Guide to using Nemesida WAF as a Virtual Appliance (virtual disk for KVM/VMware/VirtualBox).

All images are based on Debian 11 distribution. Before using the products, you must update the components of the virtual machine:

# apt update && apt upgrade -y

Nemesida WAF dynamic module

Virtual Appliance

The image is intended to filter incoming Nginx HTTP/HTTP(s) requests to the server and contains the following components:

  • Nginx latest version (Stable);
  • Dynamic module Nemesida WAF;
  • Nemesida AI MLA machine learning аgent.

To deploy, you need to do the following:
1. Create a virtual machine using image of a virtual disk with a dynamic module Nemesida WAF;
2. Perform basic configuration of Nemesida WAF modules:

  • in the file /etc/nginx/nwaf/conf/global/nwaf.conf:
    • nwaf_license_key – Nemesida WAF license key;
    • nwaf_sys_proxy – proxy server address (if used);
    • nwaf_api_proxy – the address of the proxy server (if used) to access the Nemesida WAF API and Nemesida WAF Signtest;
    • nwaf_api_conf – the address of the Nemesida WAF API server for sending information about detected anomalies.
  • in the file /etc/nginx/nwaf/mla.conf:
    • st_enable – activate the transfer of disputed requests to Nemesida WAF Signtest for subsequent processing;
    • st_uri is the address of the Nemesida WAF Signtest server for processing the results of Nemesida AI.

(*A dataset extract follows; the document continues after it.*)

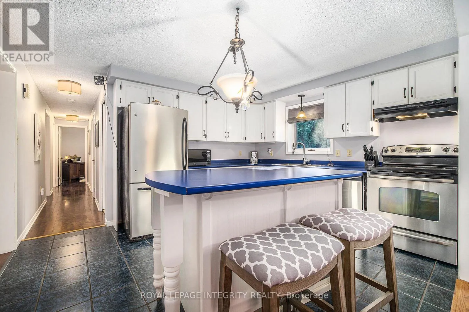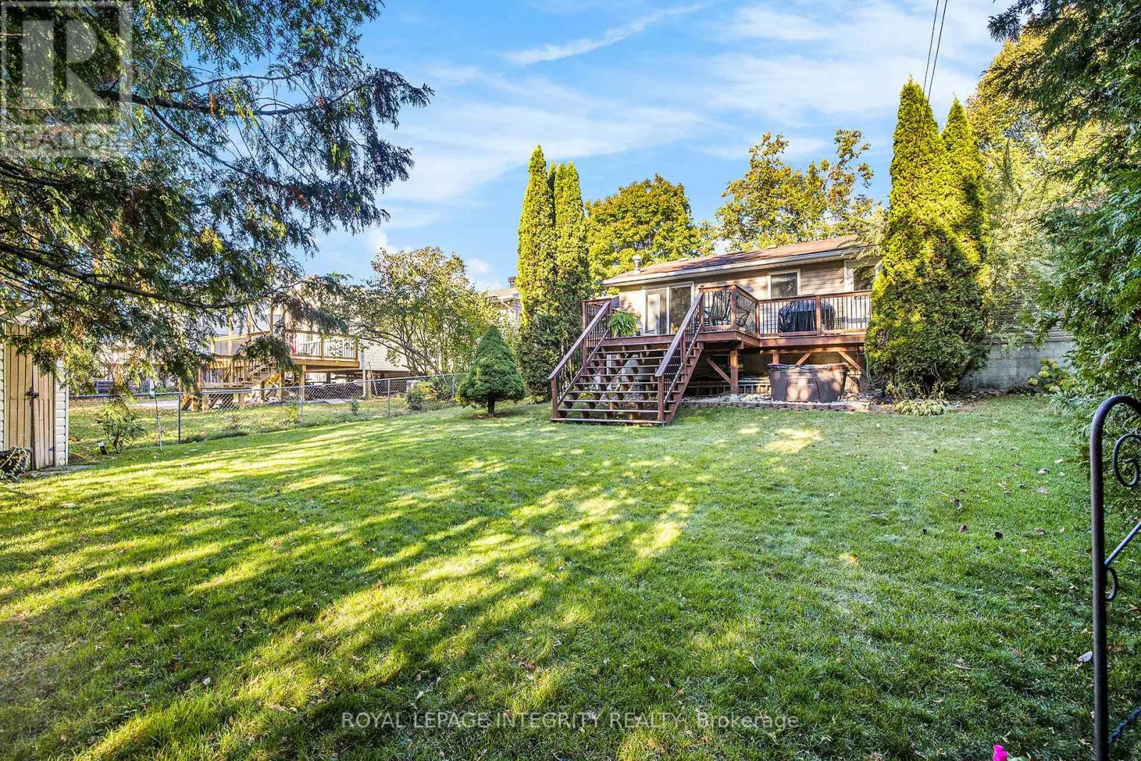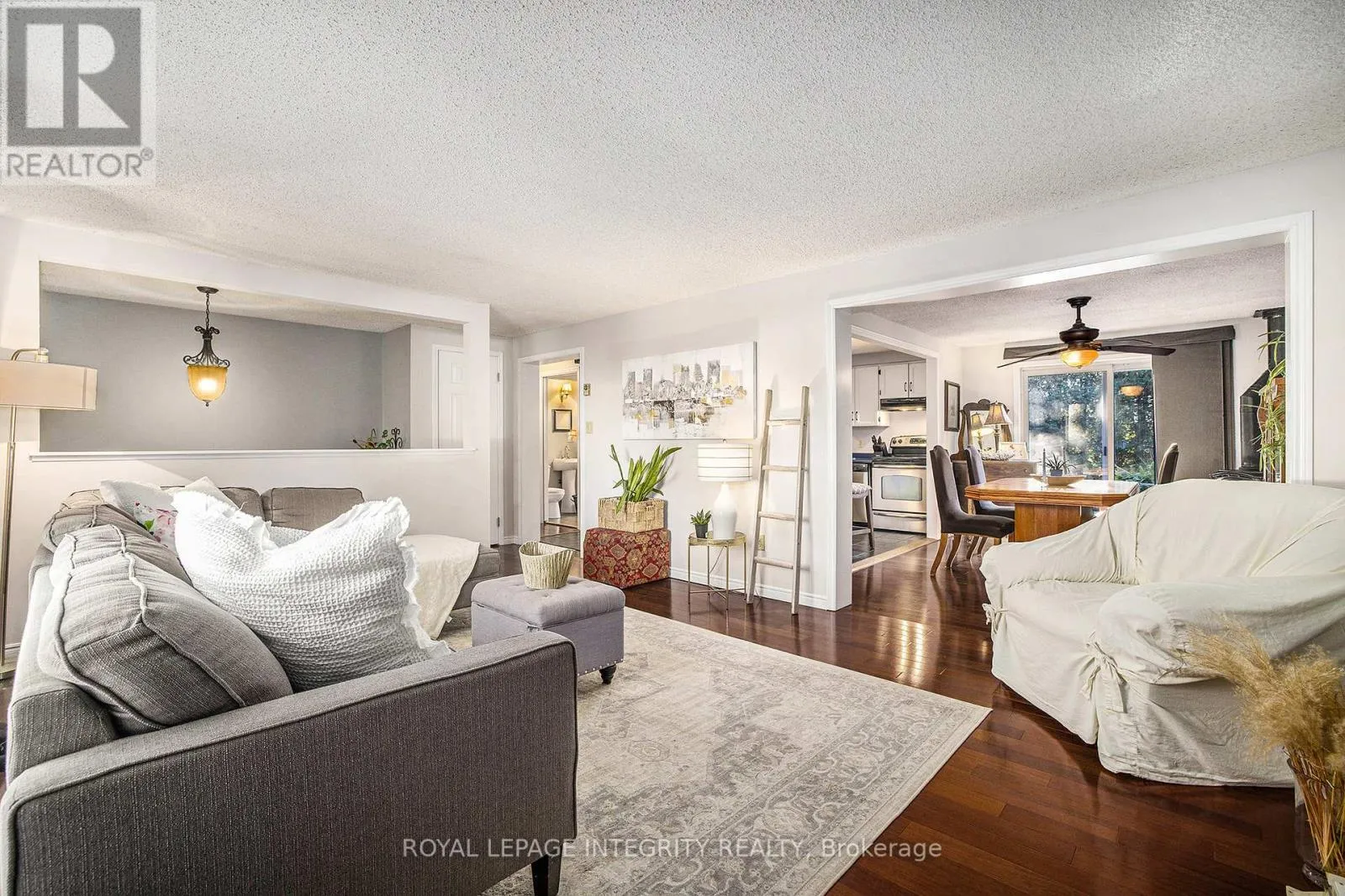 Wilson St W to Mather St This impeccably maintained home shows pride of ownership from the tasteful landscaping in front and back yards to the gleaming engineered hardwood through out most of the main floor. The home is located in a well established family friendly neighbourhood & only minutes to amenities and shopping. As you enter the foyer you have access to both the main level and lower level. Step up to the main level where you are greeted with an inviting living room that overlooks the front yard, next you flow into the dining room with sliding door to the back deck and a cozy corner free standing natural gas stove, move into the adjoining bright and airy kitchen with centre island, just down the hall is the laundry/2 piece bath with access to the back deck. You have a gorgeous 4 pc bath on this level as well as the relaxing master with double closets and 2 additional bedrooms. The lower is home to an oversized family room with a stunning natural gas fireplace, adjacent to the family room is a games area or home gym, just next door is the 4th bedroom, there is an additional room that could be utilized as another bedroom or home office. The back yard is fully fenced and quite private making it perfect for family dinners on the deck or relaxing on the green space and watching the little ones play. It's time for the next generation to raise their family at this wonderful home. With 37 yrs of ownership there have been many updates over the years which include: roof shingles 8 yrs appx, L/L nat. gas fireplace with 60,000 BTU 2 yrs appx., ductless heating/cooling pump 3 yrs appx., auto garage door 5 yrs appx. (id:27476)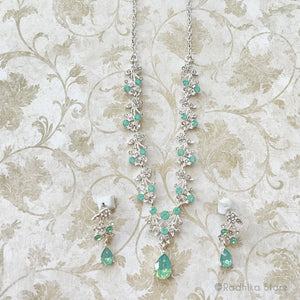 Vrindavan Dew Drops, rhinestone crystals necklace and earring set. Please see the measurement photo for the size.

3. After making changes, restart the services:

# systemctl restart nginx mla_main nwaf_update

4. Create a user of the RabbitMQ service for remote connection of the Nemesida AI MLC module:

# rabbitmqctl add_user USER PASSWORD
# rabbitmqctl set_permissions -p / USER ".*" ".*" ".*"

where USER and PASSWORD are the username and password for connecting the Nemesida AI MLC module.
5. Complete the module setup using the cloud web application.

Nemesida AI MLC

The image is intended to build behavioral models and identify other anomalies (DDoS L7, brute force attacks, etc.). It contains the machine learning module Nemesida AI MLC.

To deploy, you need to do the following:
1. Create a virtual machine using image of a virtual disk with the Nemesida AI MLC module;
2. Perform the basic configuration of the Nemesida AI MLC module in the file /opt/mlc/mlc.conf:

  • nwaf_license_key – Nemesida WAF license key;
  • api_uri – address of Nemesida WAF API for sending information about the status of training models and information about detected anomalies;
  • rmq_host – connection parameters to the RabbitMQ service on the server with Nemesida WAF. It is allowed to use multiple values separated by a space;
  • sys_proxy – the address of the proxy server (if used);
  • api_proxy – the address of the proxy server (if used) to access the Nemesida WAF API and Nemesida WAF Signtest;
  • st_enable – activate the transfer of disputed requests to Nemesida WAF Signtest for subsequent processing;
  • st_uri – the address of the Nemesida WAF Signtest server for processing the results of Nemesida AI.

3. After making changes, restart the service:

# systemctl restart mlc_main

4. Complete the module setup using the cloud web application.

Nemesida WAF WEB

The image is intended for configuring the interaction of components with each other, visualizing information about attacks and managing the training of the Nemesis AI module. Contains the following components:

  • Nginx latest version (stable);
  • Nemesida WAF API;
  • Nemesida WAF Cabinet;
  • Nemesida WAF Signtest.

To deploy, you need to do the following:
1. Create a virtual machine using image of a virtual disk with modules Nemesida WAF API, Nemesida WAF Cabinet and Nemesida WAF Signtest;
2. For the security of web applications, run the scripts:

# /opt/scripts/regen_secret.sh
# /opt/scripts/regen_databases_password.sh

3. Create a user for authorization in Nemesida WAF Cabinet:

# /opt/scripts/create_superuser_cabinet.sh

4. Create a user to log in to Nemesida WAF Signtest:

# /opt/scripts/create_superuser_signtest.sh

5. Make changes to the configuration files of Nemesida WAF modules API, Cabinet and Signtest.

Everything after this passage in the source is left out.